The response should reproduce exactly the lines from the top of the listing below through the one that contains "객체 AndroidPublisher 생성용", and nothing else; pictures do not belong in it.

━━━━━━━━

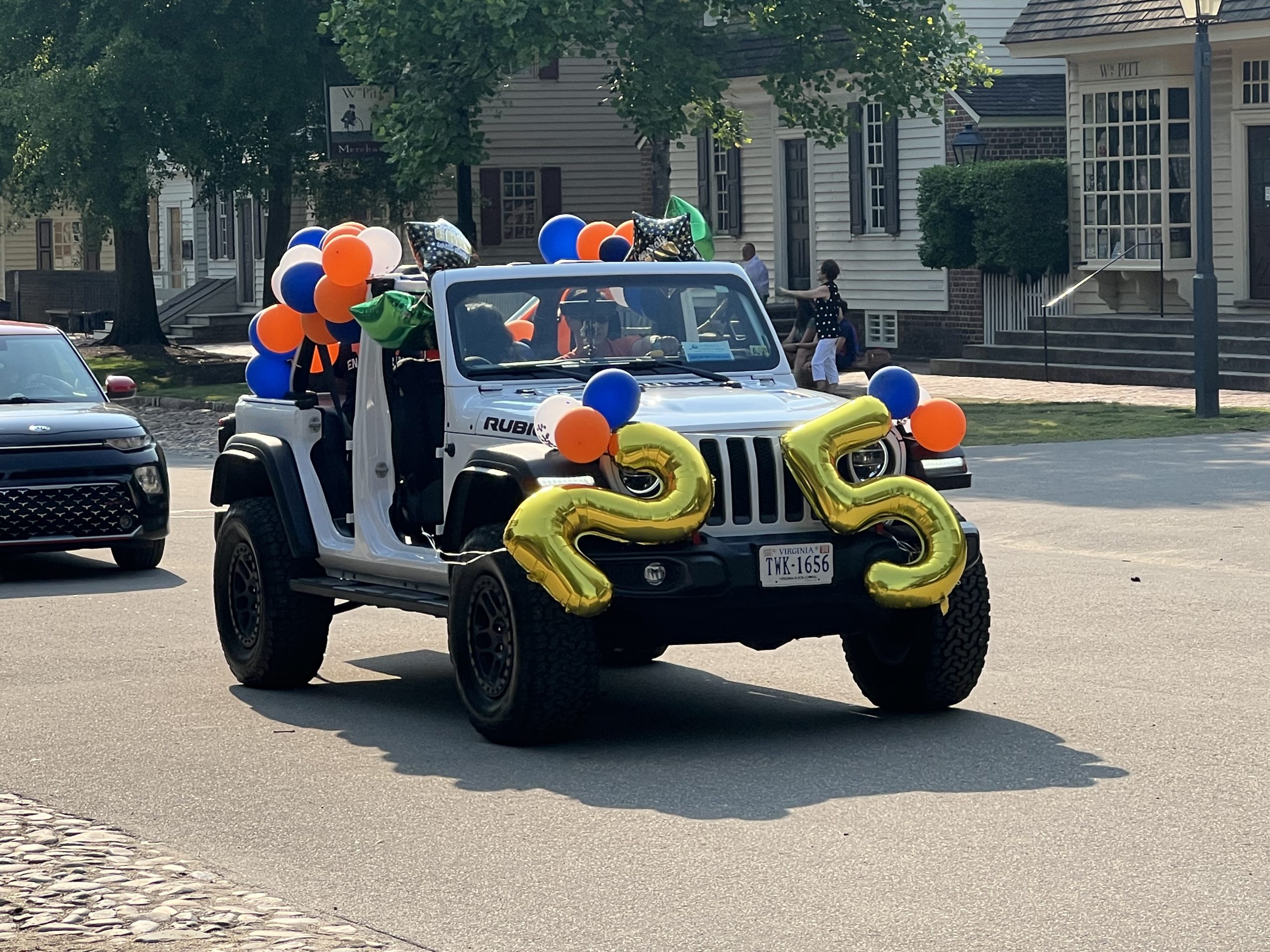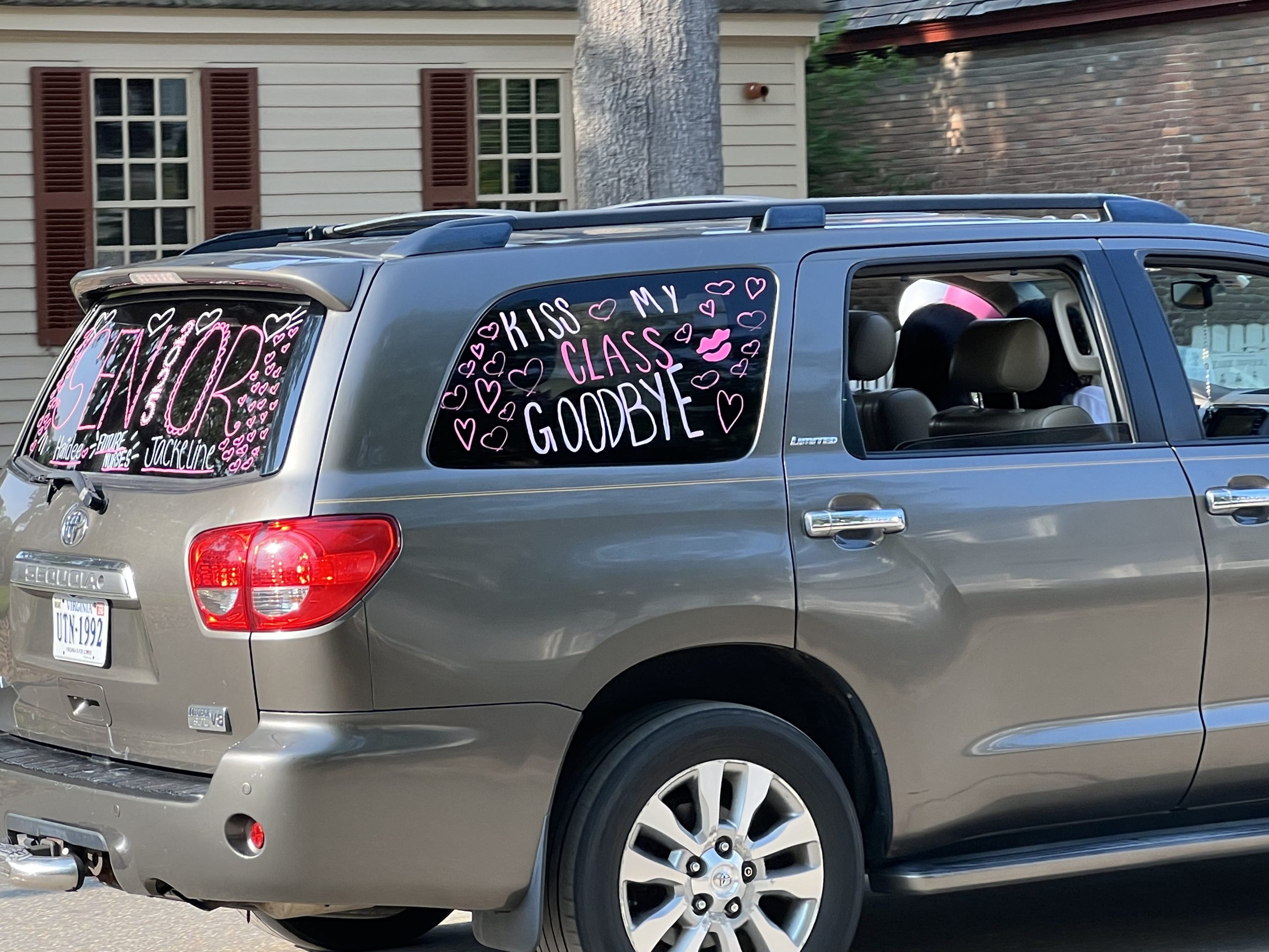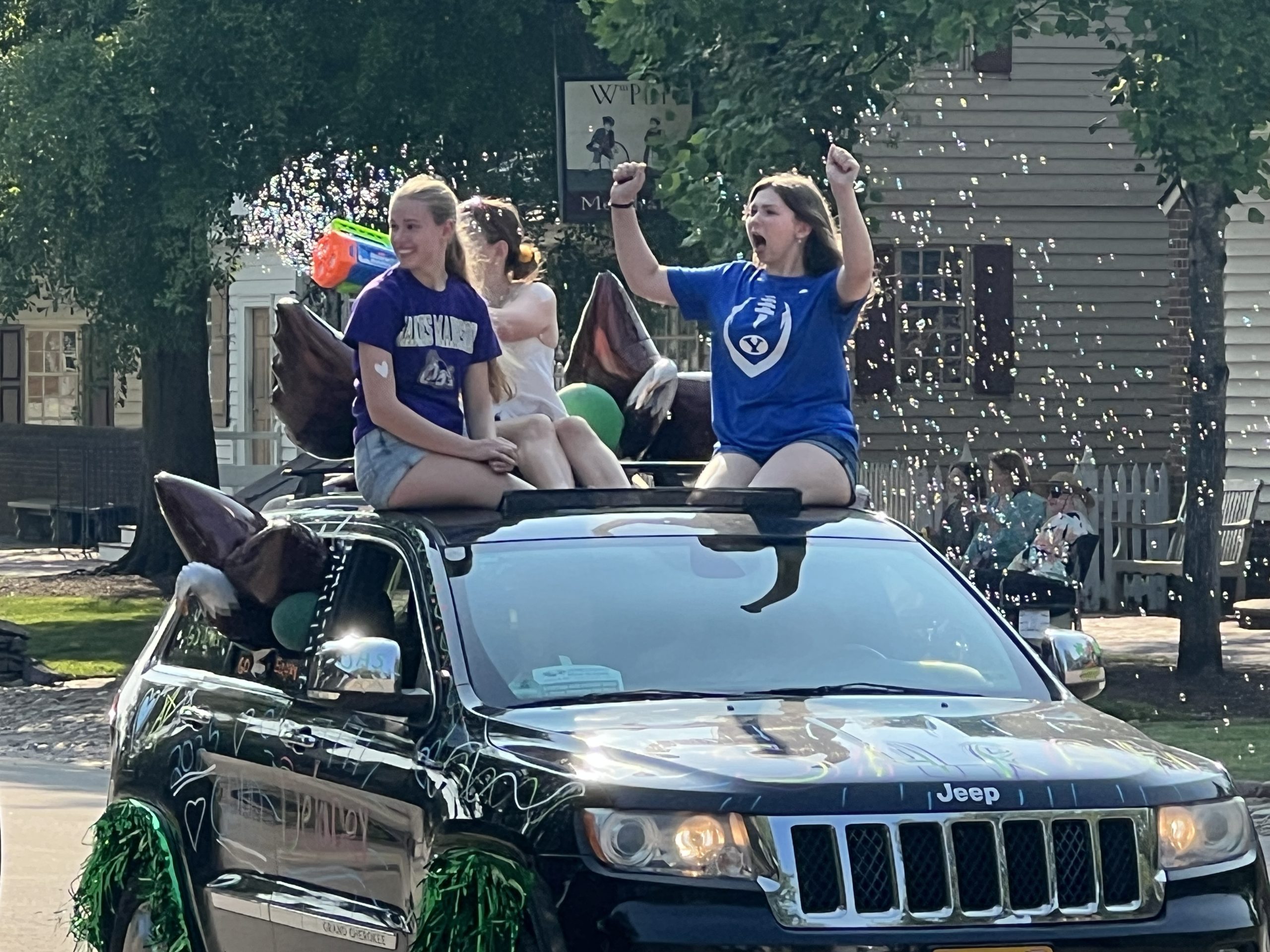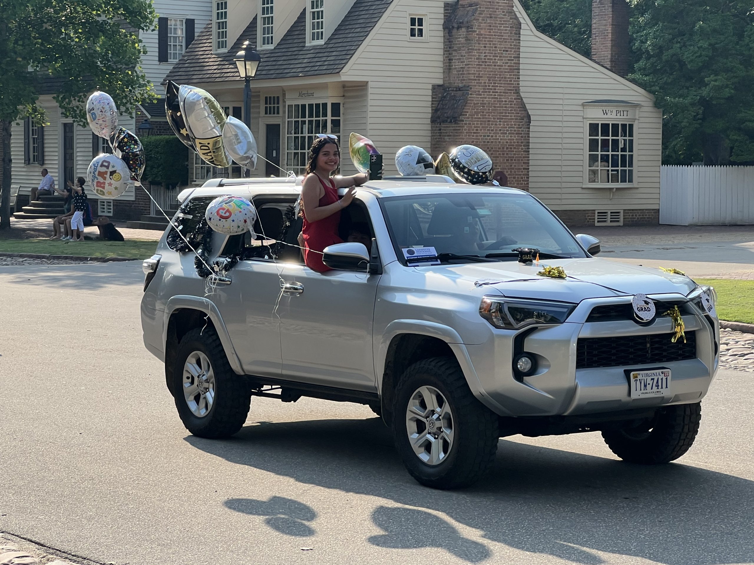 Proud families watched as students were driven down Duke of Gloucester Street in decorated cars and motorcycles. Graduating seniors were decked out in their college gear, proudly waving flags of the schools they will attend in the fall.
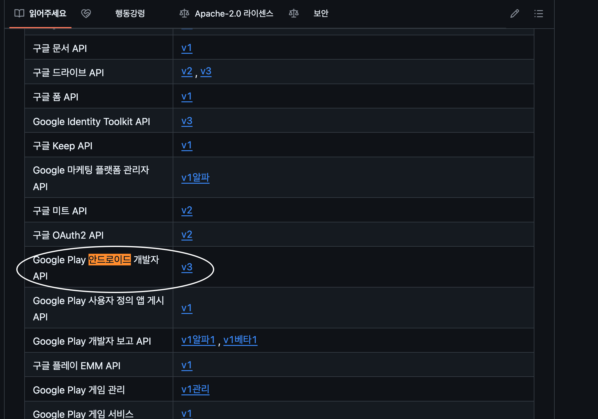 sqladmin.instances().list("exciting-example-123").execute();GoogleCredential 객체를 사용하여 호출하려는 API의 서비스 객체인 AndroidPublisher를 생성합니다. implementation 'com.google.apis:google-api-services-androidpublisher:v3-rev20250102-2.0.0' // `GoogleCredential` 객체를 사용하여 호출하려는 API의 서비스 객체 AndroidPublisher 생성용
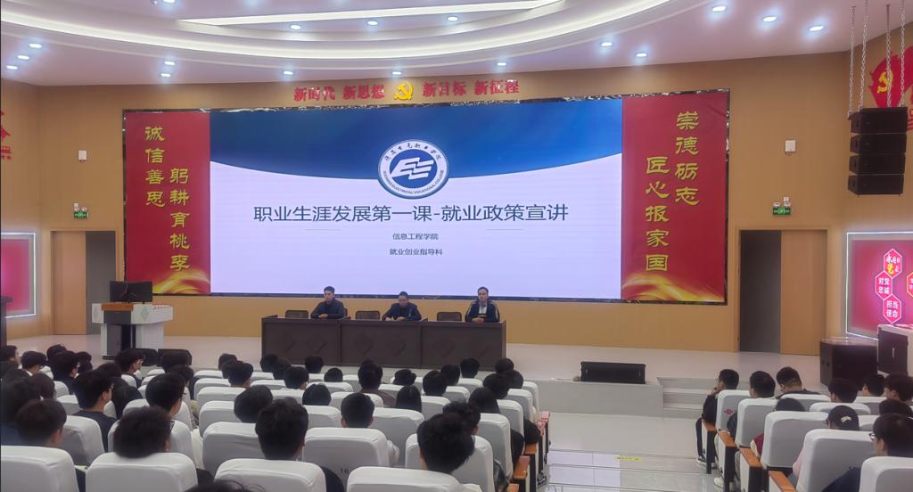 为深入贯彻落实省教育厅办公室关于组织开展 2025 级大学新生入学教育“职业生涯发展第一课”的通知要求,帮助新生尽快适应大学生活、明确专业方向与职业规划,近日,信息工程学院以“凝心聚力助就业、不负韶华早扬帆”为主题,精心组织开展了2025级新生“职业生涯发展第一课”系列活动,活动分为专业认知、学业规划、职业生涯教育、就业政策宣讲四个部分,为新生未来的学业与职业发展筑牢根基。
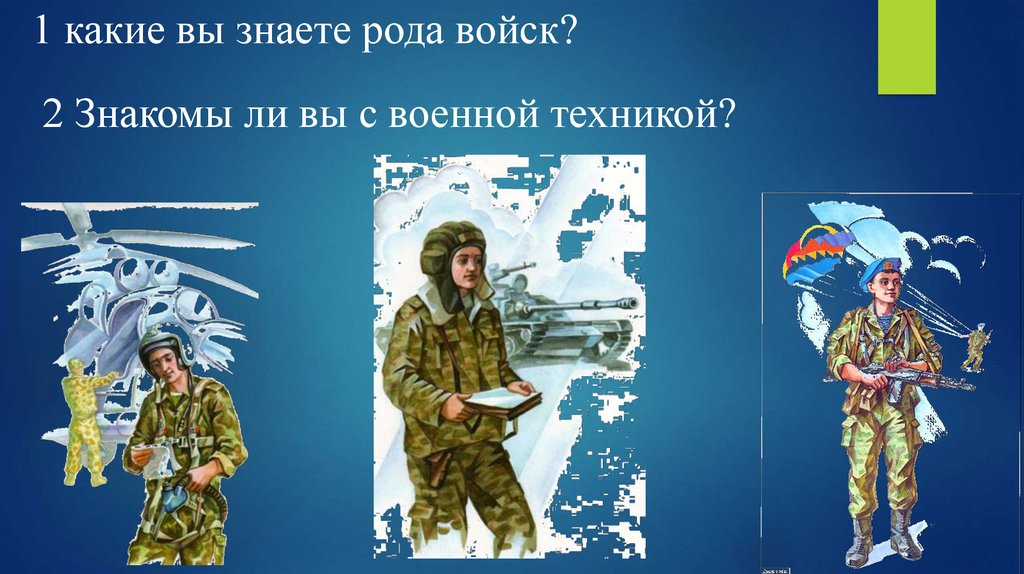 1 какие вы знаете рода войск?2 Знакомы ли вы с военной техникой?
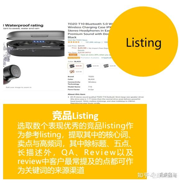 参考排名靠前的竞品的标题、五点及描述甚至是review与QA,从中选取关键词作为参考。
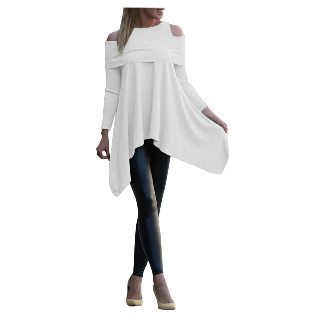 Женская однотонная Асимметричная Толстовка с длинным рукавом, Свободный пуловер с принтом, блузка
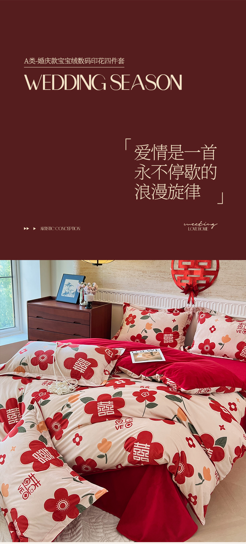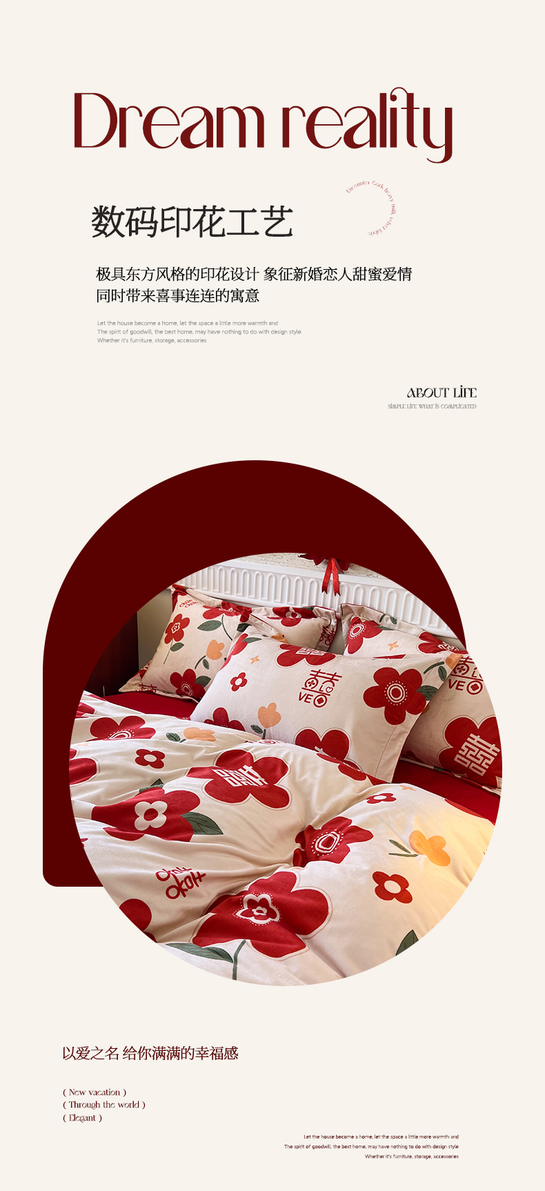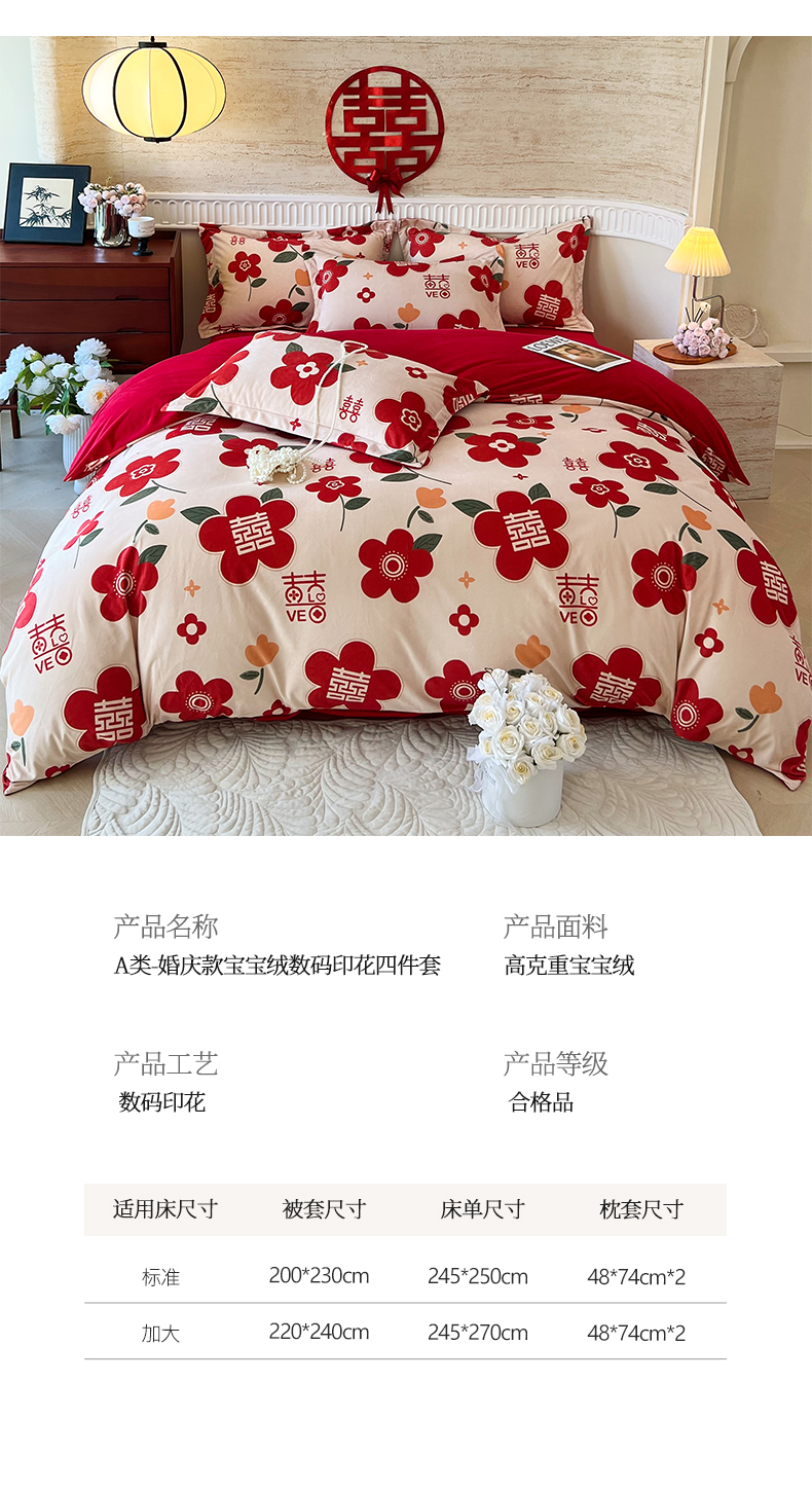 商品名称:慕希家纺 2024新款A类婚庆款宝宝绒数码印花四件套 喜事临门
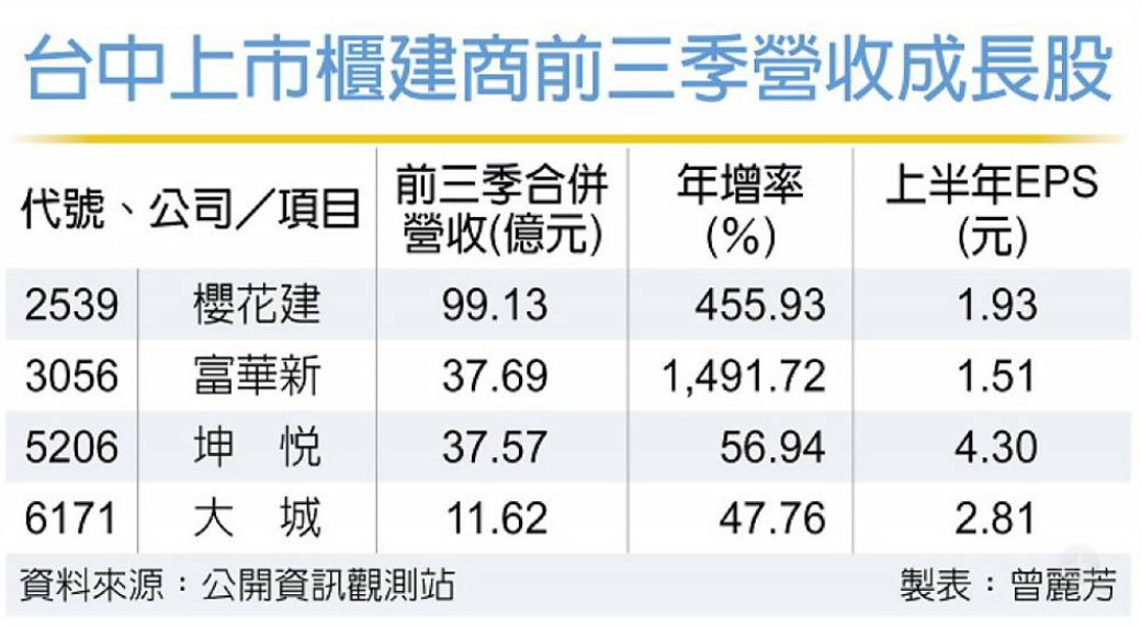 台中營建股業績靚,富華新(3056)前三季營收三級跳,櫻花建(2539)甚至近逼百億元大關,坤悅(5206)、大城(6171)年增4至5成,表現不俗。隨著第四季進入交屋旺季,法人尤其看好櫻花建、坤悅,2025全年營收與獲利創高可期。

━━━━━━━━

# [Result of this exercise]
 Proud families watched as students were driven down Duke of Gloucester Street in decorated cars and motorcycles. Graduating seniors were decked out in their college gear, proudly waving flags of the schools they will attend in the fall.
 sqladmin.instances().list("exciting-example-123").execute();GoogleCredential 객체를 사용하여 호출하려는 API의 서비스 객체인 AndroidPublisher를 생성합니다. implementation 'com.google.apis:google-api-services-androidpublisher:v3-rev20250102-2.0.0' // `GoogleCredential` 객체를 사용하여 호출하려는 API의 서비스 객체 AndroidPublisher 생성용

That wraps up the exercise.